First few lines of the final search results for searching the 5 most similars for members of the vitamins dataset against the drugbank-all dataset (from file examples-tmp/search-workflow/drugbank-all-q30-mostsimilars-results.txt):

Query	Target	Dissimilarity
0	Vitamin A	0.0
0	Alitretinoin	0.14814814814814814
0	Tretinoin	0.14814814814814814
0	Isotretinoin	0.14814814814814814
0	1,3,3-trimethyl-2-[(1E,3E)-3-methylpenta-1,3-dien-1-yl]cyclohexene	0.1956521739130435
1	Alitretinoin	0.14814814814814814
1	Tretinoin	0.14814814814814814
1	Isotretinoin	0.14814814814814814
1	1,3,3-trimethyl-2-[(1E,3E)-3-methylpenta-1,3-dien-1-yl]cyclohexene	0.1956521739130435
1	4-Oxoretinol	0.23333333333333334
2	1,3,3-trimethyl-2-[(1E,3E)-3-methylpenta-1,3-dien-1-yl]cyclohexene	0.02631578947368421
2	Vitamin A	0.17391304347826086
2	(6e)-6-[(2e,4e,6e)-3,7-Dimethylnona-2,4,6,8-Tetraenylidene]-1,5,5-Trimethylcyclohexene	0.2
2	Alitretinoin	0.2962962962962963
2	Tretinoin	0.2962962962962963
3	Thiamine	0.0
3	Thiamin Phosphate	0.15757575757575756
....

Launch Web UI

Launch script examples/rest-api-small.sh. This script calculates CFP-7 fingerprints for the nci-250k dataset and launches a web based user interface where real time similarity search of the dataset is available.
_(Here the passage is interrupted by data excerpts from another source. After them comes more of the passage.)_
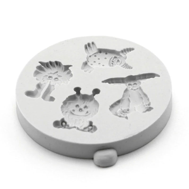 Cu ajutorul acestui mulaj obtineti, foarte rapid, 4 decoruri pentru Torturi, Cupcakes sau alte tipuri de produse destinate celor mici.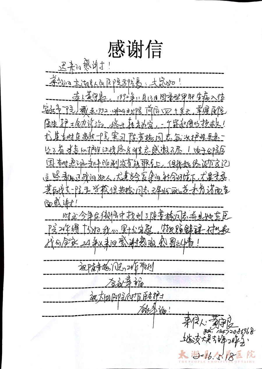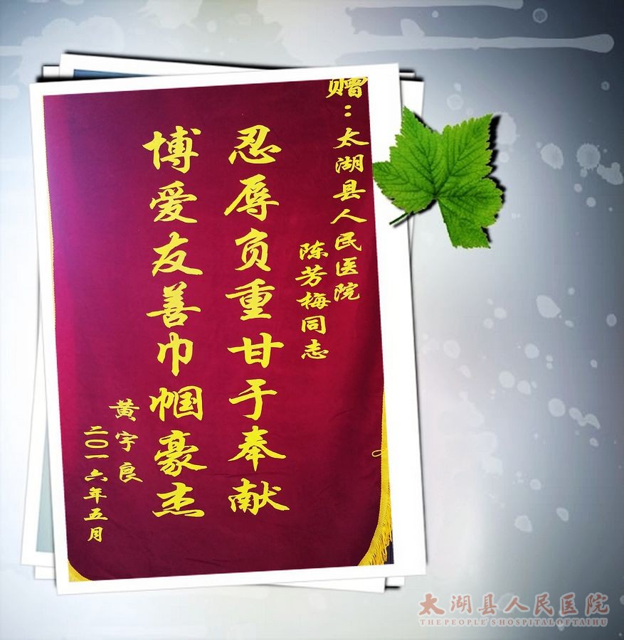 近日,院长方书法收到一封快递,拆开一看,却是一封感谢信。信中这样写道:本人黄宇良,1992年11月13日因重型甲肝入住安庆市一院,截止92年12月24日出院,前后四十多天,幸得一院医生护士全力诊治,终于转危为安,一个家庭得以挽救。尤其当时在安庆一院实习的陈芳梅同志,每次护理更是一丝不苟,精心的护理让我终身难忘,感激不尽!由于出院后当时通讯条件限制没有能联系上,但始终没有忘记这些帮助过我的好人,尤其当今复杂的社会环境下,尤显重要。其后我去一院和学校,但芳梅同志已毕业分配,遂未曾谋面当面感谢。时至今年在微信中找到了陈芳梅同志,并且得知她在医院工作得十分好,我心里十分安慰,特赠锦旗一副以表我们全家24年来的感谢感激感恩之情。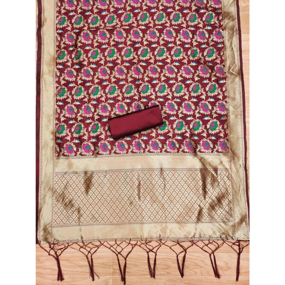 Generic Women’s Banarasi Silk Printed Unstitched Salwar Suit Material With Dupatta (Maroon, 3Mtrs)
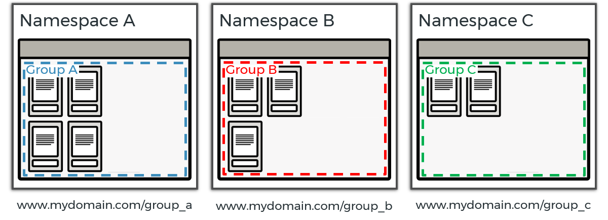 All users access MIRO Server via the same URL. However, as a member of a group, you don't see anything from other apps from other groups.
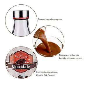 Kit 2 garrafa de vidro 950ml tampa aço inox leite água suco euro ========== sobre o produto ========== A garrafa de vidro 950ml com tampa de aço inox euro é ideal para levar charme e praticidade à sua rotina. Perfeita para armazenar e servir leite, sucos, água ou outras bebidas, ela conta com uma ilustração divertida de chocolate que dá um toque especial e acolhedor à peça. Fabricada em vidro resistente e com tampa de aço inox, mantém o conteúdo protegido e fresco por mais tempo. Uma escolha funcional e cheia de estilo para sua cozinha. ========== especificações ========== Capacidade de 950ml, ideal para uso diário com diferentes bebidas. Tampa em aço inox, que ajuda na conservação e evita odores. Ilustração temática de chocolate, charmosa e divertida. Feita em vidro de alta qualidade, resistente e fácil de limpar. Ideal para servir à mesa com elegância ou armazenar na geladeira. ========== ficha técnica ========== Unidades: 2 Medidas: 27 x 8,5 x 8,5cm Material: vidro / tampa de aço inox Capacidade: 950ml Marca: euro home : 3 meses Estamos online para quaisquer dúvidas, Agradecemos e aguardamos o seu pedido. P: a tampa veda bem R: sim, a tampa de inox possui boa vedação, ideal para conservar o conteúdo. P: o produto é novo ou Marca: Não Informado Ean: 7900425528055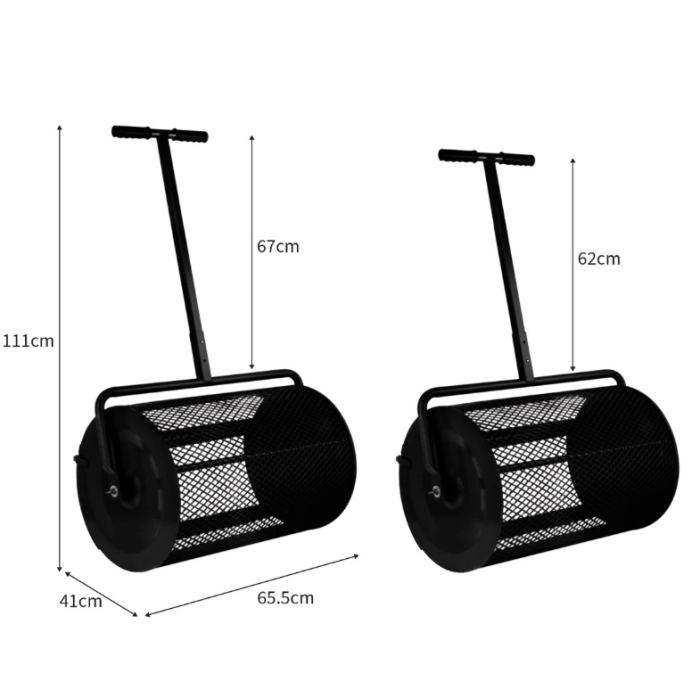 Ovaj višenamjenski rasipač prikladan je za sve vrste fino mljevenog gnojiva, uključujući kompost, treset, površinski sloj zemlje, sjeme i gnojivo. Brzim postavljanjem jednostavno pričvrstite ručku pomoću priloženih elemenata, napunite bubanj željenim gnojivom i počnite valjati.

Profiling and execution statistics data is also collected and exposed. For details on launching the web ui and on other self contained examples see document REST API example.
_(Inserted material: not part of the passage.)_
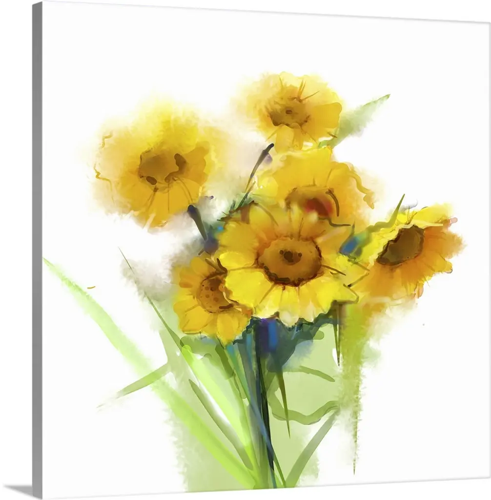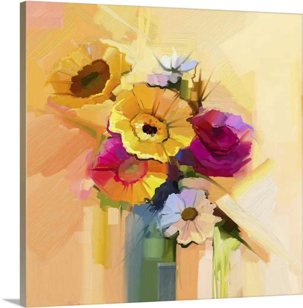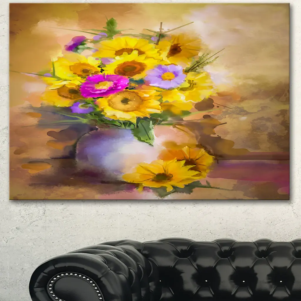 Yellow Sunflower And Violet Aster Flowers, Floral Wall Art, 60"x28"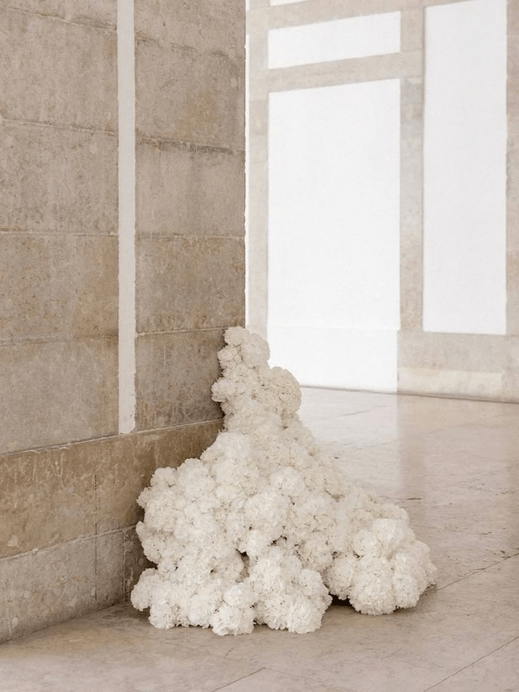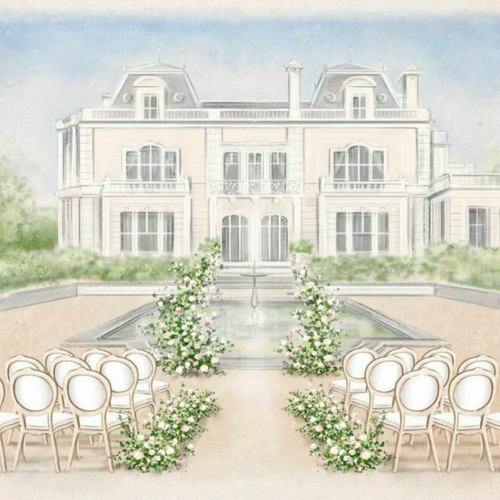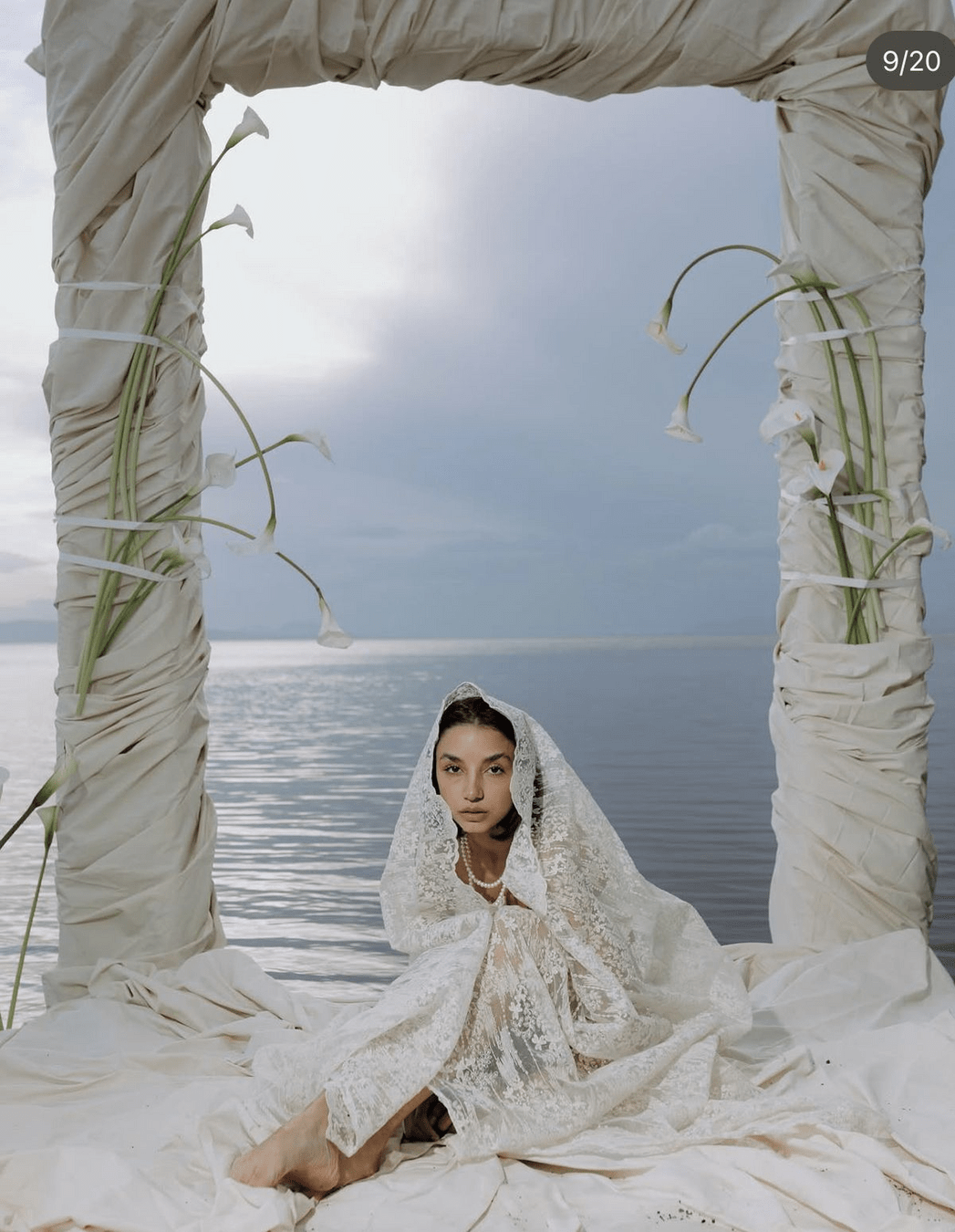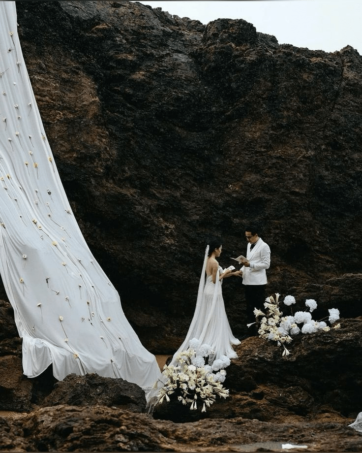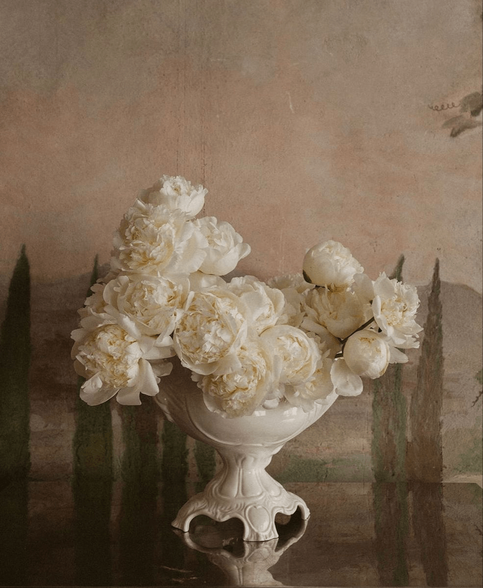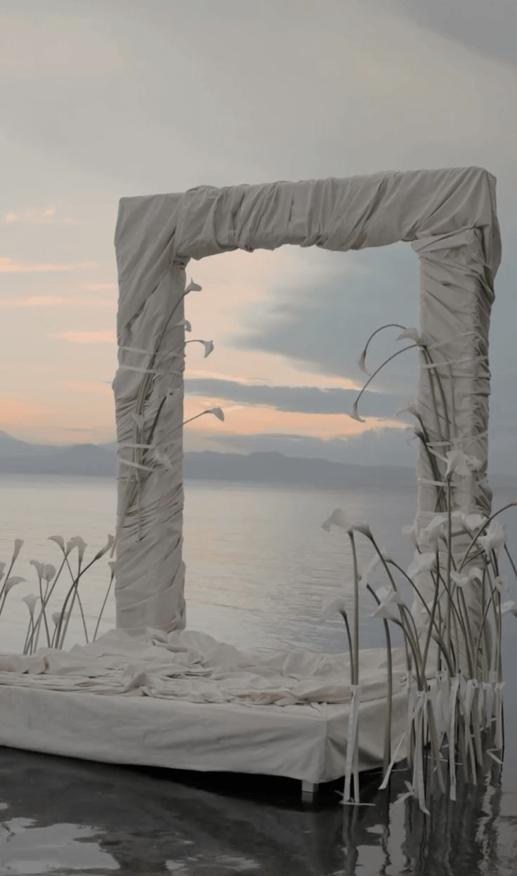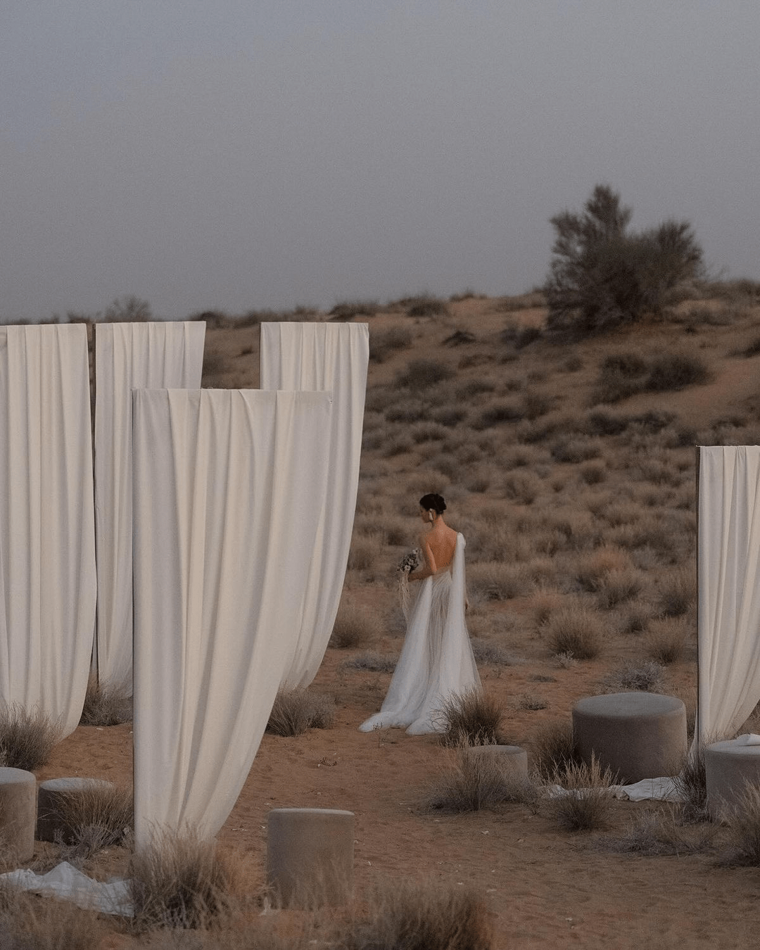 Розкішна тканина з легким блиском, драпірована підбірками, щоб було вільно та легко, повітряно. Понизу композиції купчасті у білих вазах чи без ваз на подіумі.

examples/rest-api-small.sh -b

Preprocessing time is expected to be under a minute on an average machine. After the preprocessing the scripts starts the web ui server which listens http://localhost:8085. When option -b passed to the example script the Web UI will try to launch the default web browser.

....

Try to launch browser on http://localhost:8085/index.html

A browser window is opened and an index page is displayed:

Index page

On the displayed index page select nci-250k-cfp7 from Molecular descriptors to launch the real time similarity search example.

Real time similarity search

Or select nci-250k from Molecule set to see the structures in the set.

Molecules

Scripts exposing multiple, larger datasets, multiple descriptors are also available (rest-api-XXXX.sh). For an overview see document Self contained examples.